No, the spheres are a long way apart here, so they do not influence each other. Each has a potential in its own right, nothing to do with the distance between them.

21. Mar 14, 2016

### Better WOrld

Sir isn't potential with respect to a point? So which point do we take potential about?

The potential of any spherical shell at an interior point is $-kQ/R$ where R is its radius.

22. Mar 14, 2016

### haruspex

Yes, and as we noted that is the potential at the surface too. So how much work do we have to do to take a charge dq from it away to infinity (where the potential due to that sphere is zero).

23. Mar 16, 2016

### Better WOrld

Sir I tried, but I couldn't calculate it. Please could you show me how to?

24. Mar 16, 2016

### ehild

From the OP:
Far away from each other, the potential energy of the system of the two balls is -kQ2/d. When they just touch each other, d=2R. Assume a Gaussian surface that encloses the two balls. Keep this surface. When interpenetrating, the -ve and +ve charges neutralize each other in the common volume . What happens with the electric field around the spheres?

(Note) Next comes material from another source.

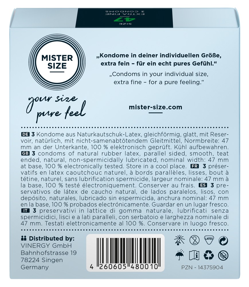 A man/woman can pick the right condom size for the penis by using the front of the packaging because there is a wide, dark blue measuring scale in the middle. Size 47 is suitable for a penis circumference of 9.5 to 10 cm.

What is the net charge and the electric field when the centres coincide? What is the electric field on the Gaussian surface? What is the electric energy then?

25. Mar 16, 2016

### haruspex

When the charge on the sphere is q, the potential at the sphere is -kq/R. The potential at infinity is zero.
If we move a small charge dq from the sphere to infinity, what is the increase in the potential for that charge? How much work does it take?